Richard Houchin

Dreams - 4/49

Dr. Nichols shifted his stare to the body. "The smelling salts…" he murmured. They were still open. He knew he should stopper the vial, at least, but he was tired. He should do something, but it seemed the most important thing was to just remain standing.

Lazarus' body rested on a lime-green chair. The upholstery was split, and yellow foam showed through on the sides where patients slid--where patients used to slide on and off. Dr. Nichols' face twitched and he shrugged. For more than a year now it had just been Lazarus. And before that, a slow but steady trickle of "test subjects"--certainly not patients. He wouldn't give himself the comfort of thinking in those terms. He wouldn't deceive himself with obedience.

The dusty light bothered his eyes.

He was alone in a room with a dying man. He needed to take stock. He needed control. He saw himself succumbing to exhaustion, his mind spinning and spinning.

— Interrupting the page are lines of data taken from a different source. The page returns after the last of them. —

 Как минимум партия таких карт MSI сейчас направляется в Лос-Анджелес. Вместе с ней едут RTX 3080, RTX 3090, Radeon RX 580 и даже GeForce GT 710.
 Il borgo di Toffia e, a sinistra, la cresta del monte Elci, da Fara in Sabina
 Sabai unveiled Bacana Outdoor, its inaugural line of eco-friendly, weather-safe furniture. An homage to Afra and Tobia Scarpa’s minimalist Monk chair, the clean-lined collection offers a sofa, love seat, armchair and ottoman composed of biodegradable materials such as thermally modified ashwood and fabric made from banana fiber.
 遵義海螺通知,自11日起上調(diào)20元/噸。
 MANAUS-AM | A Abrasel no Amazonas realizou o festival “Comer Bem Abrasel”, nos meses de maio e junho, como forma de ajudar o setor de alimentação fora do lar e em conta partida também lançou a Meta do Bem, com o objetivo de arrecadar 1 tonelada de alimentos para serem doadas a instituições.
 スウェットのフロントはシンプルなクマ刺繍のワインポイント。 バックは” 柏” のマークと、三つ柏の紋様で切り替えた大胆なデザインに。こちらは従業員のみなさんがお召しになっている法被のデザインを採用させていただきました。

A cog whose teeth gripped nothing. He was alone. His wife, Evelyn, left him eighteen months ago. His hand curled into a fist as his eyes glazed.

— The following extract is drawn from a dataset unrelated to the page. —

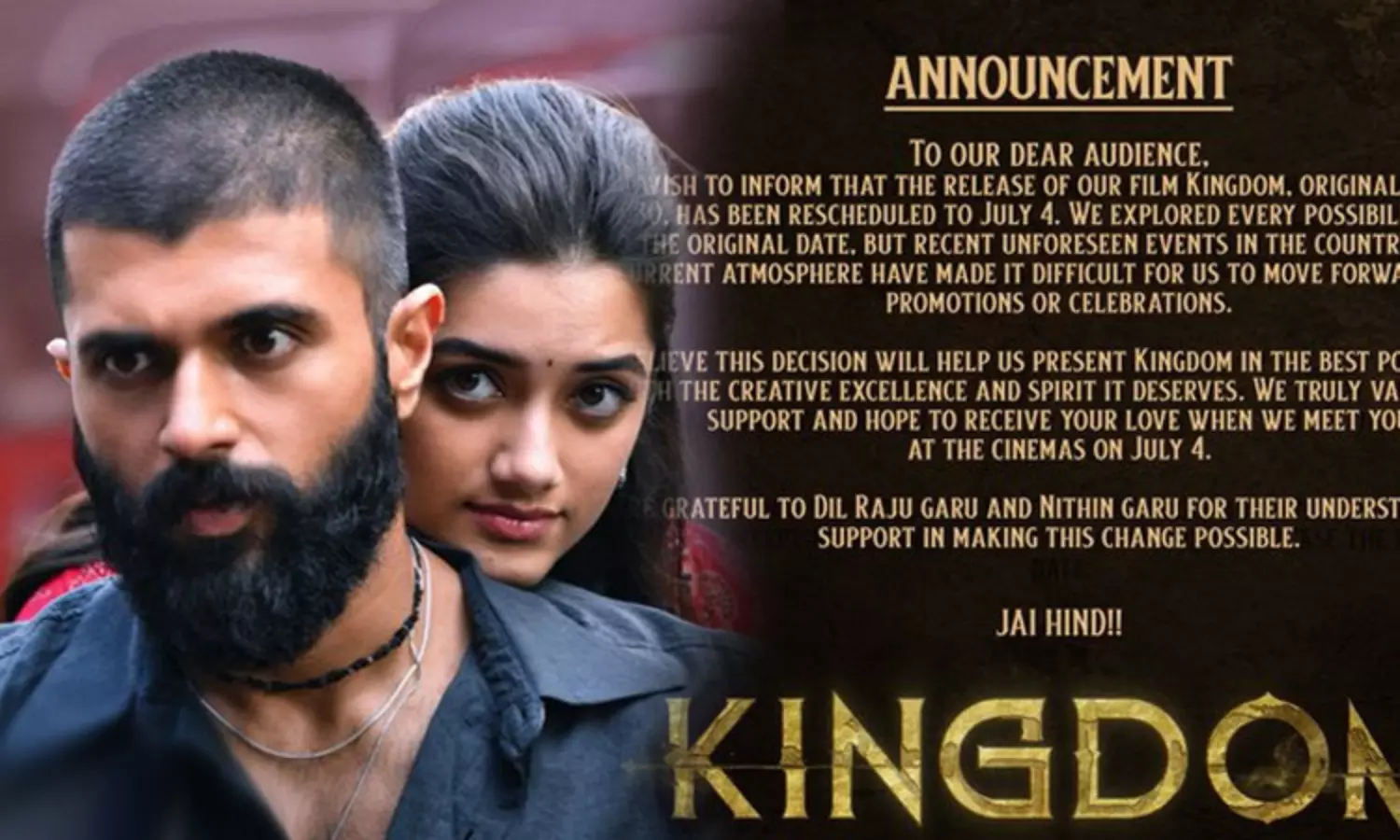 இந்நிலையில், இப்படம் தள்ளிபோயுள்ளது. அதன்படி, 'கிங்டம்' படம் வருகிற 30-ம் தேதிக்கு பதில் ஜூலை 4-ம் தேதி திரையரங்குகளில் வெளியாகும் என்று தெரிவிக்கப்பட்டுள்ளது.
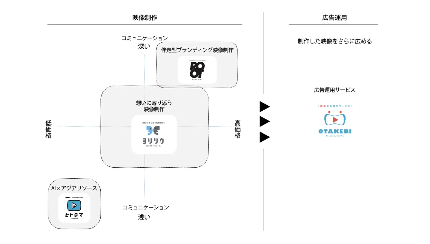 これまで、映像制作会社やサービスの選び方は「価格帯」が主な判断基準になっていたと感じています。そこで、弊社のサービス体制では価格帯を横軸で、コミュニケーション深度を縦軸で表すことで、価格帯だけではないサービスの選び方ができるようになっています。

Evelyn loved horror novels, and he couldn’t talk about his work in the lab without being called Frankenstein. But whatever her objections, she stayed with him. They followed grant money, sate-hopping across the United States. They even moved to Daedeok for three years while he worked with the South Koreans. They lived with enough North Korean rocketry aimed at their city to send it into orbit. She never criticized him for pursuing his work rather than a family, or for messing with things she felt best left to God.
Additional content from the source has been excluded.